# LED Bulb tear down



## Meadow (Jan 14, 2011)

Thanks  


Neat to see the circuit diagrams too.


----------



## cuba_pete (Dec 8, 2011)

This was a pretty good write-up, and timely for me.

My facility purchased all new hybrid T8 linear replacements. We didn't get what we wanted, they were delivered late, they ended up not being tested for FCC compliance, and were not RoHS compliant (though not really in may lane for judgment of suitability).

We got lowest bidder bulbs...

But, I have been pleasantly surprised, so far, by their performance. I have been doing extensive RFI testing in different ballasted and un-ballasted configurations.

Thanks for the link :thumbsup:


----------



## emtnut (Mar 1, 2015)

Feit and Osram are the only 2 that know how to properly draw a bridge rectifier .. IMHO :laughing:


----------



## gnuuser (Jan 13, 2013)

i prefer osram if i can get them
anywho the noise factor could easily be diminished by looping the positive lead through a small ferrite core three or four times


----------



## cuba_pete (Dec 8, 2011)

gnuuser said:


> i prefer osram if i can get them
> anywho the noise factor could easily be diminished by looping the positive lead through a small ferrite core three or four times


That works well for keeping the noise from the lines. I measure emanations in free space. Some of these bulb brands are better RF emitters than they are light sources (Mirabella).

Kind of like the whole heat/light issue with incandescents.


----------



## gnuuser (Jan 13, 2013)

cuba_pete said:


> That works well for keeping the noise from the lines. I measure emanations in free space.
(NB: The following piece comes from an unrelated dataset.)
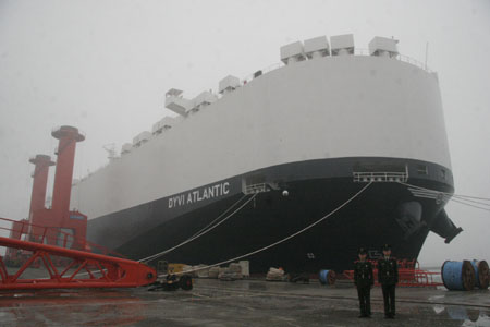 由威海三進(jìn)船業(yè)有限公司為一家挪威公司建造的“大西洋”號大型汽車運(yùn)輸船于5月11日早上6時進(jìn)行首航,開往韓國仁川港。這艘汽車運(yùn)輸船船長199.90米,寬32.26米,高34.55米,可裝載6700輛汽車。
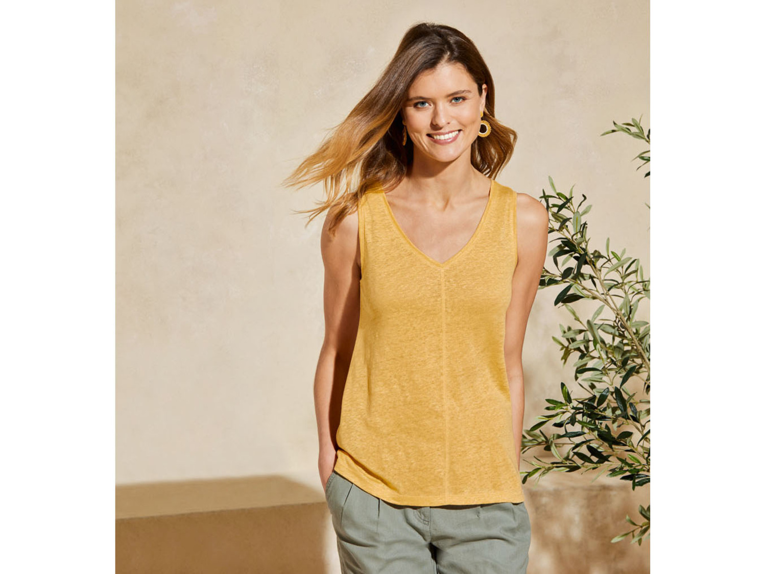 Damen Leinentop, leger geschnitten

Some of these bulb brands are better RF emitters than they are light sources (Mirabella).
> 
> Kind of like the whole heat/light issue with incandescents.


 true a bit like the neon lamps (arc across a gap):laughing:

once had an old super heterodyne am radio brought into the shop
worked great and sounded nice until one of the guys tested an neon sign about three feet away (the resulting squeal made me jump out of my chair) and :laughing:


----------



## wildleg (Apr 12, 2009)

great article. thanks for posting. any links to articles showing the efficiency of the various styles or efficiency vs price pt/actual bulb life would be greatly appreciated.


----------



## cuba_pete (Dec 8, 2011)

gnuuser said:


> once had an old super heterodyne am radio...


Yep...that's my work environment. My equipment can be sensitive to many types of interference that even the FCC deems to be acceptable.


----------